It’s also why commitment and clarity are necessary, but not sufficient, for successful change. You can be extremely committed to making a change and very clear about where you’re headed, and still struggle to actually achieve your goals. The capacity to make changes that involve habitual behavior doesn’t develop overnight. It takes practice and time, especially for new behaviors to become integrated and automatic.

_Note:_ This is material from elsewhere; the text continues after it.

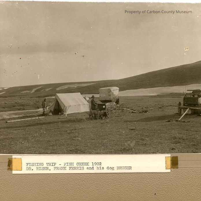 A type caption on ivory paper taped with yellowed tape reads: Fishing trip-Fish Creek 1902. Dr. Riser5, Frank Ferris and his dog Bruser.

Action Steps: Building Capacity for Change

  1. Clearly define the new skills and competencies. Be as specific and concrete as possible. What do you (and/or your team) need to be doing differently in order to make the change you want? Be sure to consider both new technical skills that people might need as well as new interpersonal skills and/or management skills.
  2. Create opportunities for practice. And be clear about the standards – how will you know when you or others have mastered the skill?
  3. Get resources and support. Sometimes people need help changing their behavior. This might include classroom training, on-the-job training, a peer consultation and support group, mentoring, or coaching.
  4. Make sure policies support the new behaviors. For example, if you’re asking the customer service representatives to spend as much time on the phone as necessary to ensure that a customer is satisfied, make sure that people aren’t rewarded for high call volume.
  5. Plan for mistakes and failures. Use them as an opportunity to learn. As a leader, allow them for a period of time without consequences, but provide prompt feedback.
  6. Take good care of yourself. Good self-care is the foundation that supports our ability to manage ourselves well in the midst of change. Eating well, getting enough rest, and engaging in regular physical activity are all important ways to build your capacity for tolerating the stress that can come with change.

How have you been most successful in building the skills you’ve needed to make a change?